Here are some examples of ASHA's efforts on this front:
- In October 2012, 66 members, including 27 audiologists, attended the Changing Health Care Landscape Summit hosted by ASHA.
- In February 2012, ASHA—along with the American Academy of Audiology, Academy of Doctors of Audiology, American Academy of Otolaryngology-Head and Neck Surgery (AAO-HNS), and International Hearing Society—issued a Joint Statement on Consumer-Administered Hearing Tests and Direct-to-Consumer Hearing Aid Sales.
- In 2012, ASHA collaborated with AARP on a National Poll of AARP Members' Hearing Health, which outlined the state of hearing among the 50+ generation.
- ASHA has agreements with both the Educational Audiology Association and the Alexander Graham Bell Association for the Deaf and Hard of Hearing that provide reciprocal benefits in the areas of advocacy, exhibiting, and promotion.
- In 2010, ASHA engaged all audiology organizations to respond to the American Medical Association scope of practice statement.
- Since January 2009, the ASHA Health Care Economics Committee (HCEC) has coordinated monthly conference calls with representatives of other audiology organizations.
- In December 2008, ASHA convened 10 audiology organizations at its National Office to begin the development of quality measures for the Physician Quality Reporting System (PQRS). Weekly online meetings were hosted by ASHA for 2 years. This collaboration was enthusiastically named the Audiology Quality Consortium.
- In 2008, ASHA initiated a meeting with the Centers for Disease Control and Prevention (CDC) to discuss the need for a national database of pediatric audiology facilities; thus, the Early Hearing Detection & Intervention-Pediatric Audiology Links to Services (EHDI-PALS) Directory was born.
- In 1969, ASHA, AAO-HNS, and the American Academy of Pediatrics (AAP) became the founding members of the Joint Committee on Infant Hearing (JCIH).
ASHA and the American Speech-Language-Hearing Foundation support audiology students.
ASHA actively promotes public awareness of hearing health issues.
- ASHA's Speak Up About Hearing Loss campaign has reached nearly 200 million consumers.
- ASHA's Listen To Your Buds campaign has reached media audiences in the hundreds of millions using audiologists all around the country as media sources.
- ASHA's public information efforts reach millions of consumers each year, and almost a third of the visitors to ASHA's website are from the public.

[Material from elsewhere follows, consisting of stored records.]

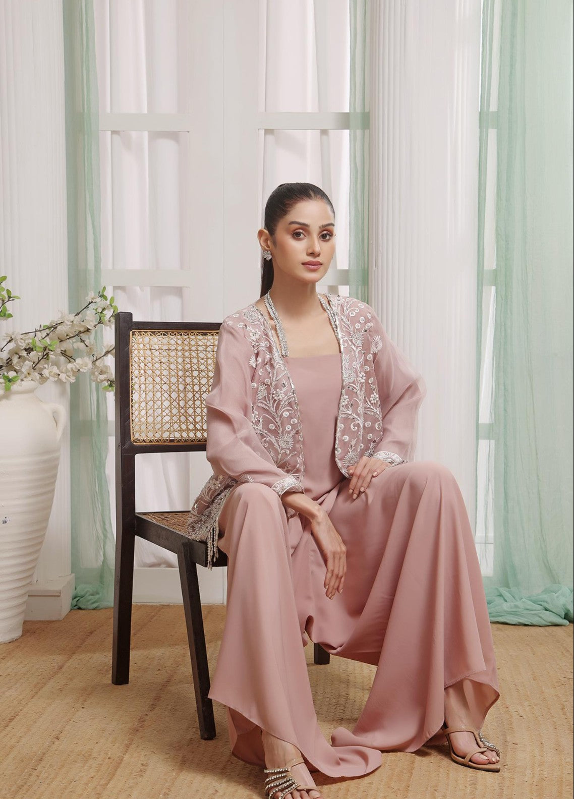 Redefine elegance with Velour Blush, a graceful blush-pink ensemble that fuses soft femininity with timeless sophistication. The outfit features a delicately embroidered organza top adorned with intricate white threadwork and beaded tassel detailing along the hem — paired with fluid leather georgette trousers and a matching inner.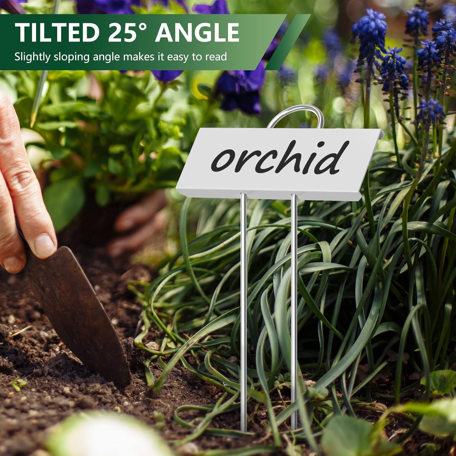 - ♥10.6” Garden Markers: Total height 10.6”, Label Area 3.5” x 1.2”(slightly sloping) the angle makes it easy to read when you're standing up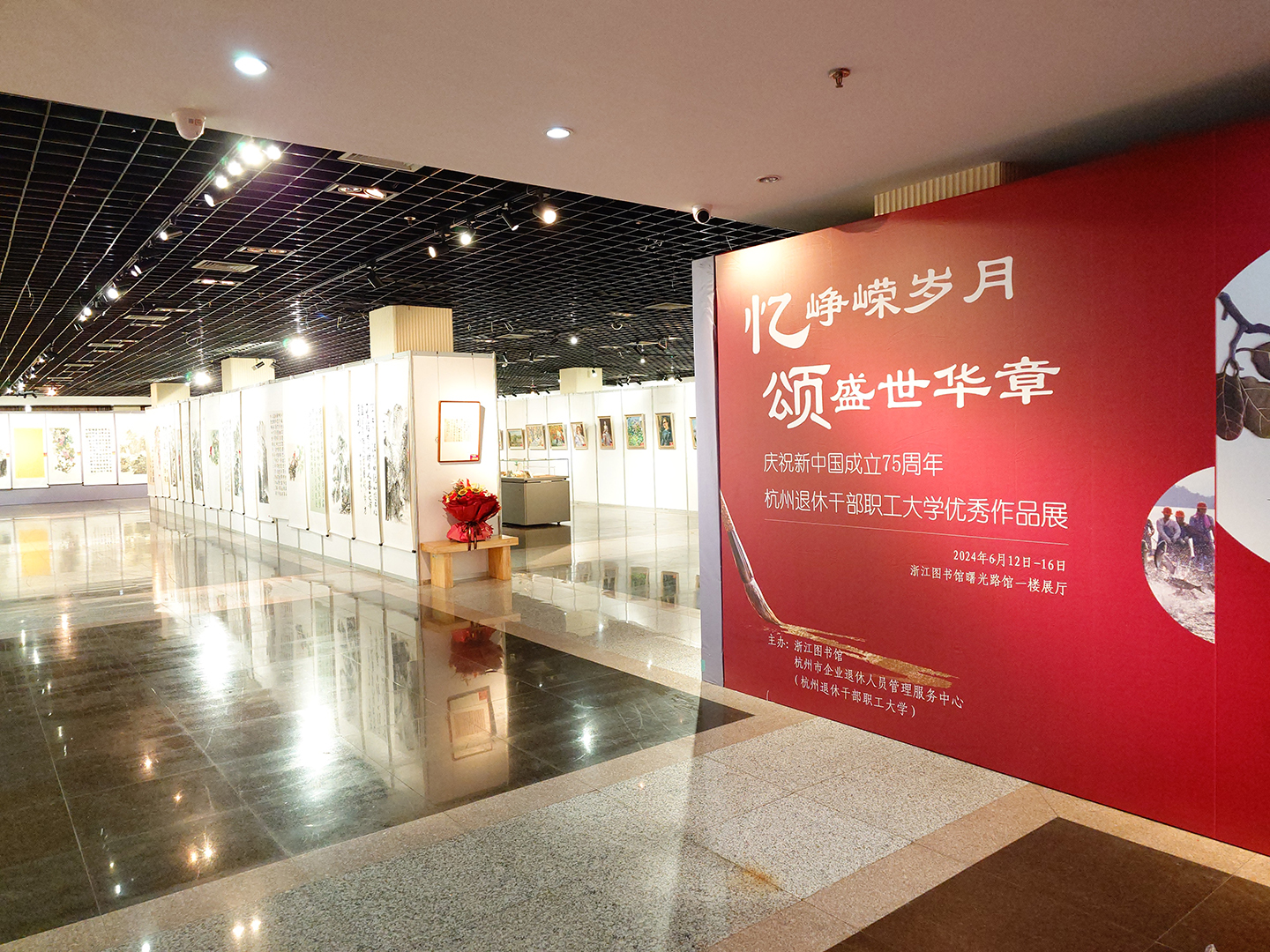 2024年是中华人民共和国成立75周年,也是杭州市企业退休人员社会化管理实施20周年。为表达对党和国家的热爱与祝福,传承和弘扬中华优秀文化,同时展示退休干部职工的艺术才华,浙江图书馆联合杭州市企业退休人员管理服务中心(杭州退休干部职工大学)于6月12日至6月16日,在浙江图书馆曙光路馆展厅举办“忆峥嵘岁月,颂盛世华章——庆祝新中国成立75周年优秀作品展”。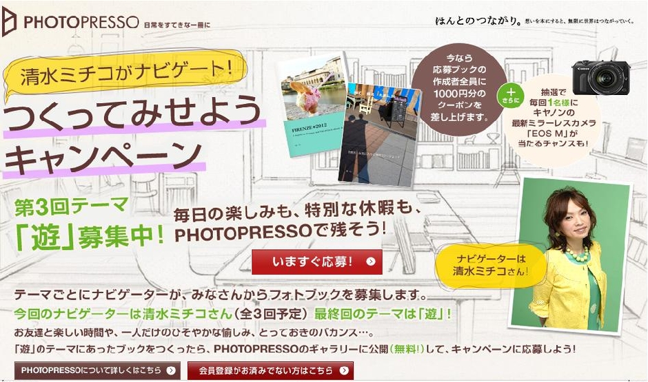 ついに最終回!大好評開催中、最新ミラーレスカメラが当たる!PHOTOPRESSO「つくってみせようキャンペーン」。第3回ナビゲーターは清水ミチコさん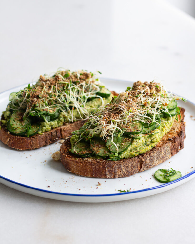 - To serve, scoop a healthy portion of the edamame spread onto each slice of toast. Top with the cucumber salad, then 1/4 cup of alfalfa sprouts per toast. Sprinkle with the seed mix and serve!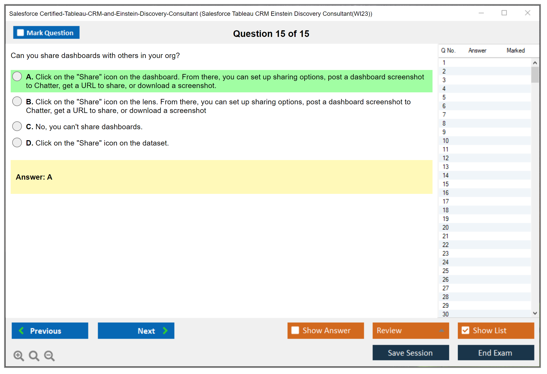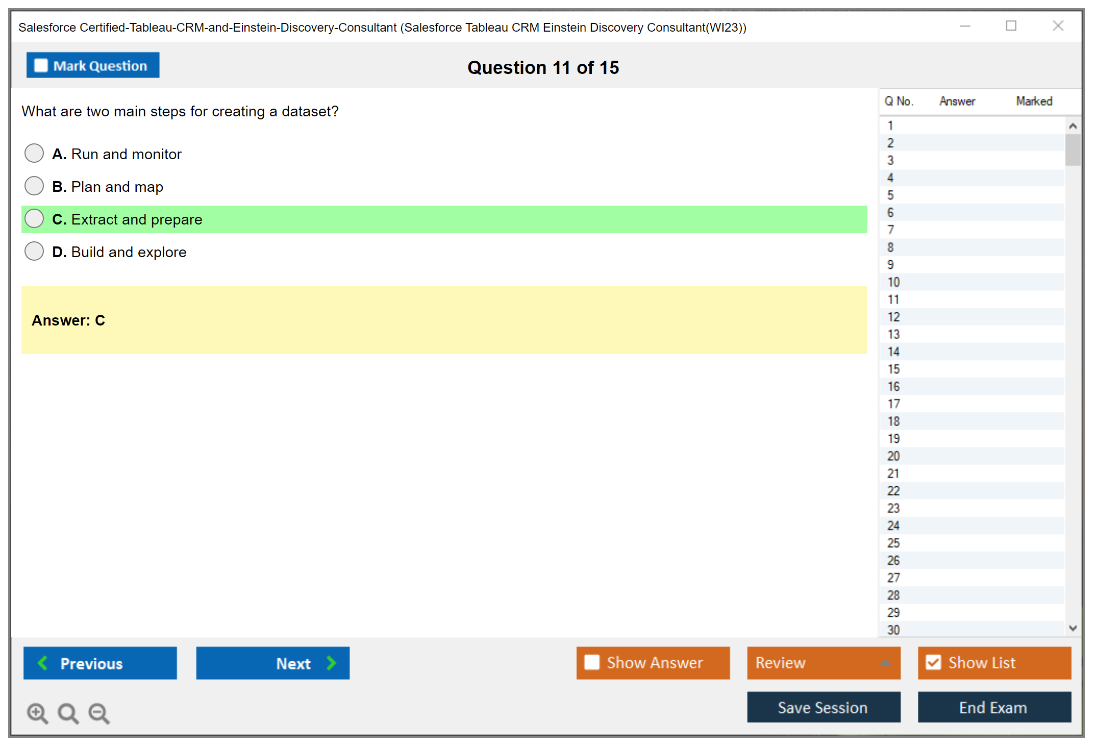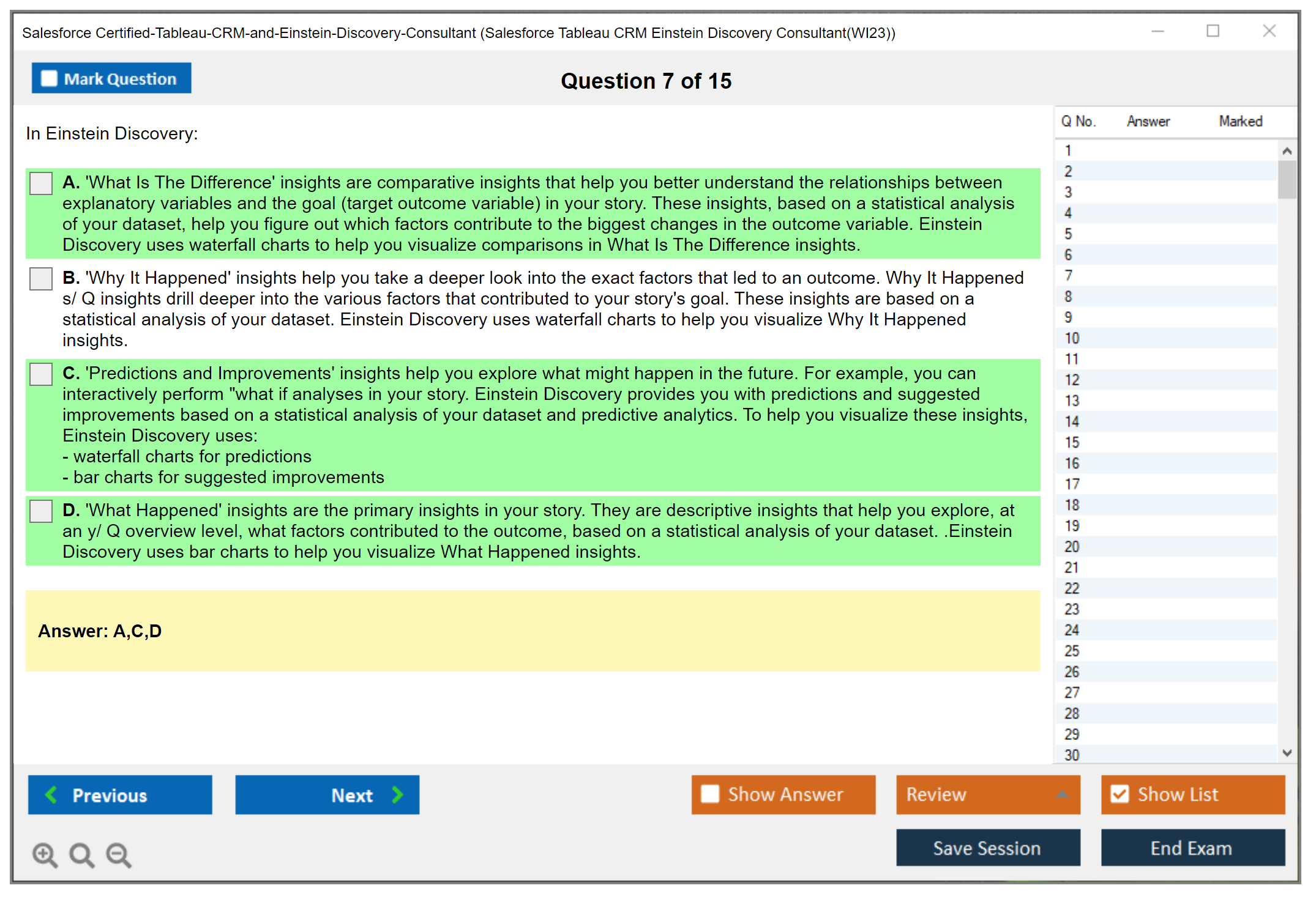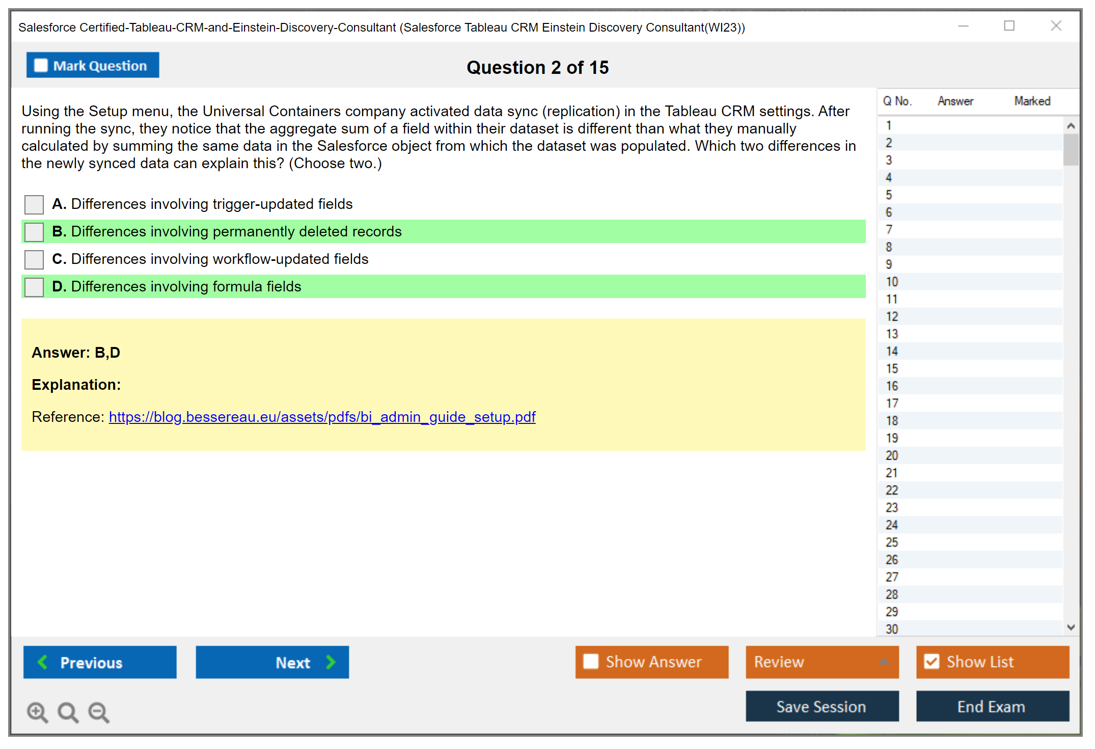 The Salesforce Certified Tableau CRM and Einstein Discovery Consultant exam is designed for individuals who have experience implementing and consulting on analytics solutions within the Salesforce ecosystem. This certification validates the knowledge and skills necessary to design, build, and support applications for Tableau CRM and Einstein Discovery.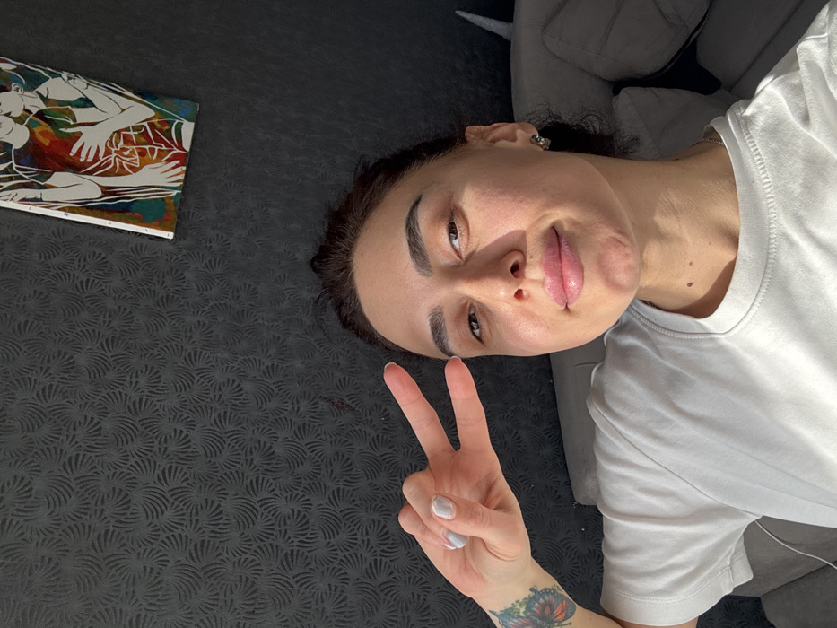 The image displays a single individual, a woman, captured in what appears to be an indoor residential or private setting within Tbilisi, Georgia. The woman is positioned in the lower portion of the frame, facing forward with a subtle smile. She has dark hair, styled off her face, and prominent eyebrows. Her skin shows areas of bright illumination, consistent with strong natural light, likely sunlight, particularly on the right side of her face and shoulder. She is wearing a plain white crew-neck t-shirt. Her left hand is raised to her left, forming a "peace" sign (V-sign) with her index and middle fingers extended. Her fingernails have a light-colored polish. A multi-colored butterfly tattoo is visible on her left forearm, near the wrist. A small, metallic hoop earring is visible in her right ear. The background features a dark gray wall adorned with a repetitive, textured pattern of stylized, fan-like or shell shapes. In the upper right quadrant of the frame, a rectangular piece of artwork is mounted on the wall. This artwork consists of stylized white outlines of two figures, possibly embracing, against a vibrant background of vertical, multi-colored stripes. Partially visible behind the woman to her right and left is a light-colored, upholstered sofa or couch. A white cable or cord is visible on the sofa to her left. No specific external landmarks or architectural details are present to identify a precise location within the city of Tbilisi beyond a general indoor environment.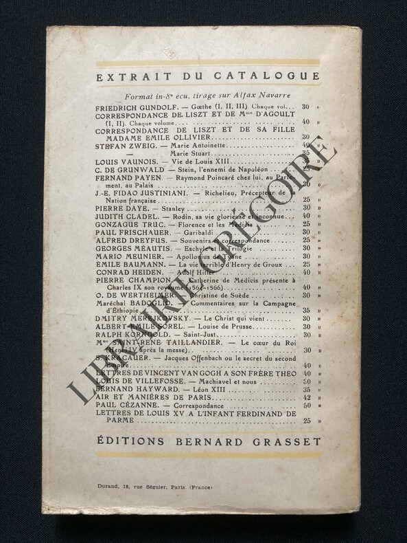 GRASSET Bernard. 28 déc. 1931. In-12. Relié. Etat d'usage, Couv. défraîchie, Dos satisfaisant, Intérieur frais. 315 pages. Carte en frontispice, noir et blanc. Etiquette de code sur la coiffe en-tête et tampons de bibliothèque sur la page de titre et dans quelques marges. Mors usés.. . . . Classification Dewey : 923-Politiciens, economistes, juristes, enseignants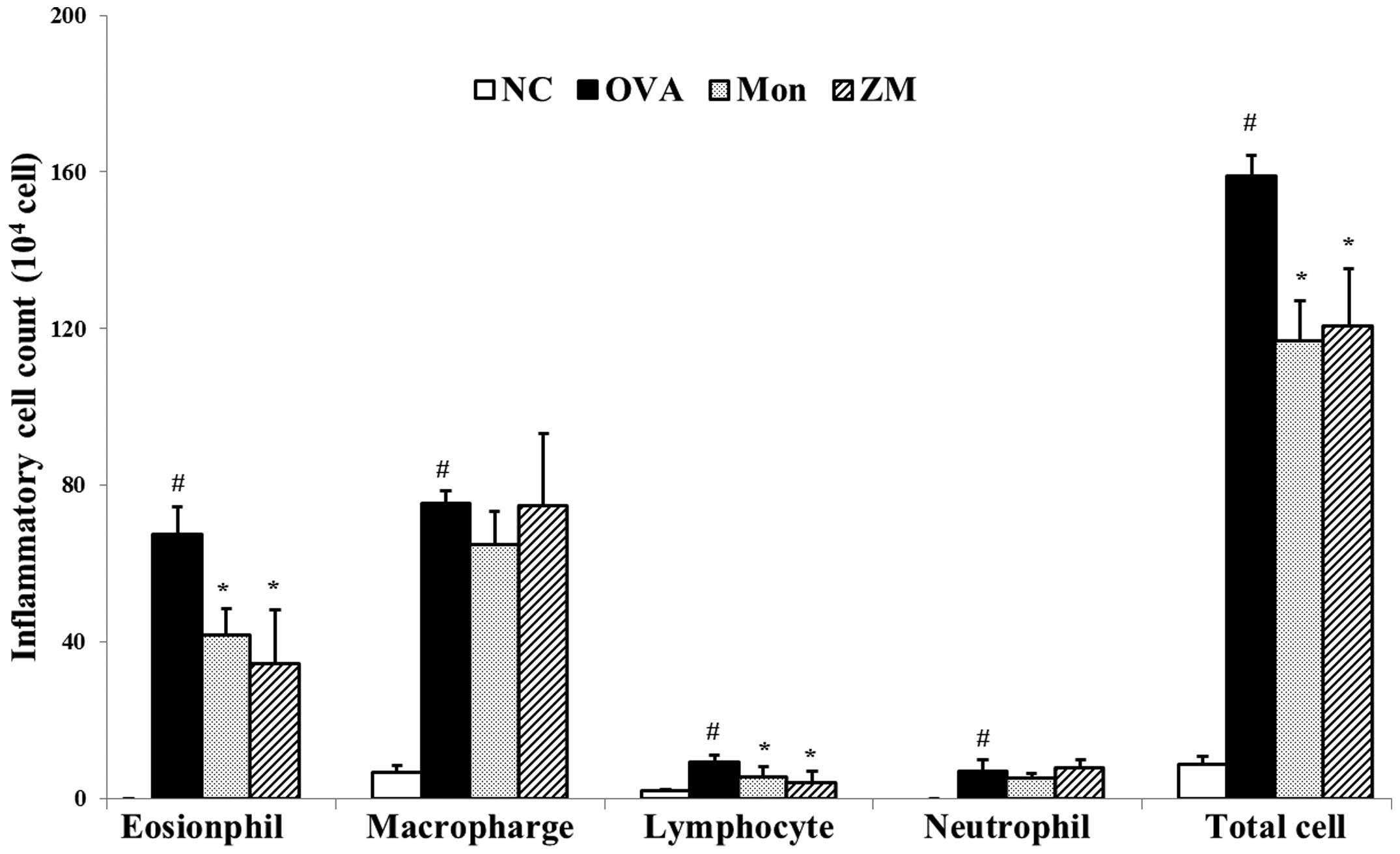 The mice were divided into four groups (n=7): Normal control, PBS sensitization/challenge; OVA, OVA sensitization/challenge + PBS; Mon, OVA sensitization/challenge + montelukast (30 mg/kg; Sigma-Aldrich, St. Louis, MO, USA); ZM, OVA sensitization/challenge + ZM (30 mg/kg). Airway inflammation was induced by an OVA (Sigma-Aldrich) challenge. Each mouse was immunized by an intraperitoneal injection of 20 µg OVA, emulsified with 2 mg aluminum hydroxide (Thermo Fisher Scientific, Waltham, MA, USA) in 200 µl PBS (pH 7.4), on days 0 and 14. On days 21, 22 and 23 the mice were exposed, by inhalation, to 1% (w/v) OVA aerosolized solution using an ultrasonic nebulizer (NE-U12; Omron Corp., Tokyo, Japan) for 1 h. The ZM groups of asthma-induced mice were treated orally with 30 mg/kg ZM, or with an oral injection of 30 mg/kg montelukast 1 h prior to the OVA challenge. Montelukast is a cysteinyl leukotriene (cys-LT)-1 receptor agonist, and was used as a positive control in the present study. The control mice were treated orally with an equivalent volume of PBS.

Interesting Facts About ASHA's History
- ASHA has represented audiologists for over 80 years.
- The Association was founded in 1925.
- The ASHA Code of Ethics was first introduced in 1935.
- Past ASHA President Raymond Carhart was the first to use the term audiology back in 1945.
- "Hearing" was added to the Association's name in 1947.
- Certification standards were established in 1952.